The first day of that class, we were told that these classes all culminated in a Second City Audition. Everyone stared at each other dumbfounded. I just shrugged. I had done this before, almost a decade prior. I just didn't think anything would come out of it. I was still there to support John Hildreth, who at the time was on the stages of Second City.

It was different then. Tim Meadows had been on the main stage. John was there. Things were changing at that place on Wells. I never thought they would hire a black woman. They were covering men at that point.

Our classes were going fine. We, like most students of improv, were having fun and it was fun to see actors who were my race discovering what I knew about improv comedy for years: It's the most creative way of expressing yourself and the creative process. It's an amazing format, and it's just fun as hell.

That was during the class. The audition for Second City was a whole different thing.

The audition fell on my mother's birthday, November 3rd 1995. I just turned thirty three months prior.

Every minority actor in Chicago (who was not doing improv on a regular basis) at that audition, who now had a chance to audition for the biggest improv sketch company in the country, that paid, and was a equity house...

...all lost their minds on that stage that day.

People were yelling over each other and running all over the Second City Chicago Main Stage. It was the definition of a cluster fuck.
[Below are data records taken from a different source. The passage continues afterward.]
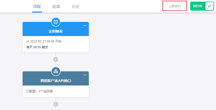 注意:待数据录入完毕后,切记关闭或删除此工作流,避免每天重复执行。
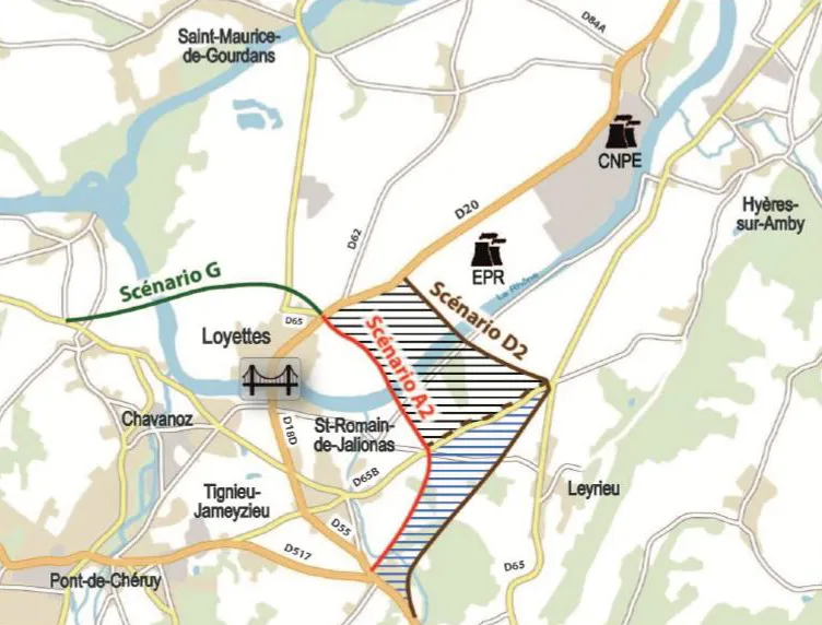A l’appui de ces études, 3 scénarios se démarquent à proximité du pont de Loyettes, assurant les meilleures liaisons directes entre le nord-Isère et les secteurs de l’EPR2 et de la plaine de l’Ain :
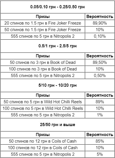 Козырная карта дает фриспины размером от 30 до 2,775 гривен. Чем выше лимит, тем больше шансов получить более крупный приз! Полученную карту нужно активировать в течение 48 часов.
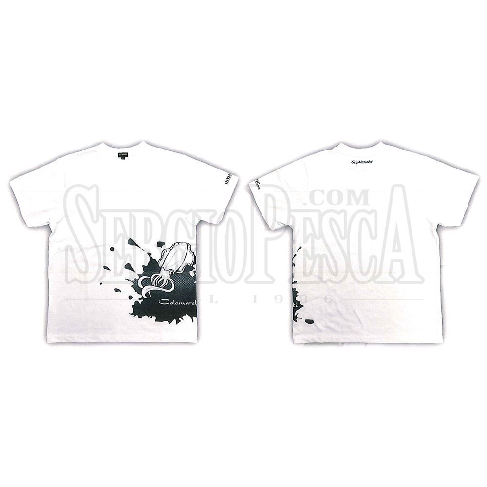 La Calamaretti Graphic T-Shirt della Graphiteleader è una maglietta in cotone per tutti gli amanti dell'Eging Game. Il colore è bianco con disegno di un Aorika (calamaro giapponese) e la scritta "Calamaretti". Nel retro presente la scritta "Graphiteleader" metre sulla manica sinistra la scritta "OLYMPIC", azienda produttrice del marchio Graphiteleader.
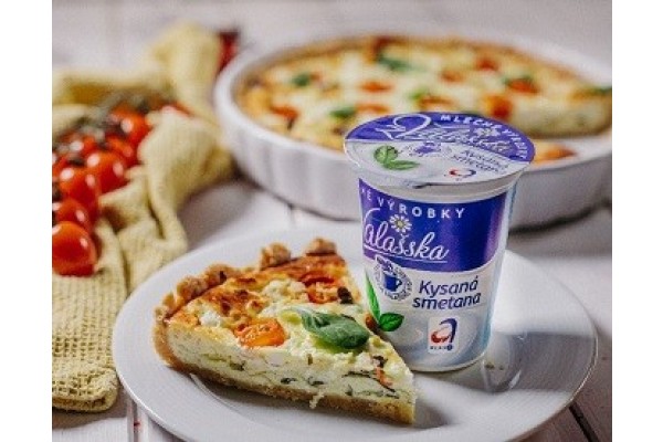 Formu vymažeme tukem a vysypeme moukou. V míse smícháme sypké suroviny na těsto, přidáme změklé máslo a vodu. Vypracujeme hladkou hmotu, kterou uložíme na 30 minut do chladu. Z těsta vyválíme placku a tou vyplníme formu (průměr 26-28 cm) tak, aby sahalo až k okrajům. Těsto po celé ploše propíchneme vidličkou a přesahující okraje seřízneme nožem. Pečeme v předehřáté troubě na 180 °C 15 minut. Do mísy rozklepneme vejce, přidáme Kysanou smetanu z Valašska a zbytek surovin určených pro náplň. Směs vyšleháme, abychom se zbavili nechtěných hrudek. Na upečené těsto nalijeme směs s vejci a ozdobíme rozpůlenými cherry rajčátky a na kostičky nakrájenou fetou. Pečeme na 160 °C přibližně 45-50 minut.

I remember Me, Ceasar Jamie and Martin Garcia trying to quietly stay out of the fray of the fuck, which was cluster.

At the top of the audition they did A Classic Chorus Line style interview. People were losing their minds right at the top. A panel member would ask a question and people would ramble on and on with others next to them whooping and hollering like it was a Def Comedy Jam Show.

It seemed no one had ever seen "A Chorus Line" and the ones who had (Jamie, Garcia and myself) just stood there. Quietly. Until it was our turn.

I was at the end of the line. I was asked by a panel member: What makes today special?

I could have tried to kiss it and say: This moment. I could have said: This opportunity.

It really wasn't. In that moment of people whooping and hollering. I said to the panel. Today is my mother's birthday.

I saw Martin DeMaat smile. I saw panel members who did not know me smile and jot stuff down. Then I heard one woman scream: Ahhh gurrrrrrl...that is SOooooo Sweeeet. Being pretty facetious and hoping for a laugh. No one on the panel laughed. I ignored her and looked ahead Chorus Line Style thinking: I think you just boned yourself, gurrrrrrrrrrl.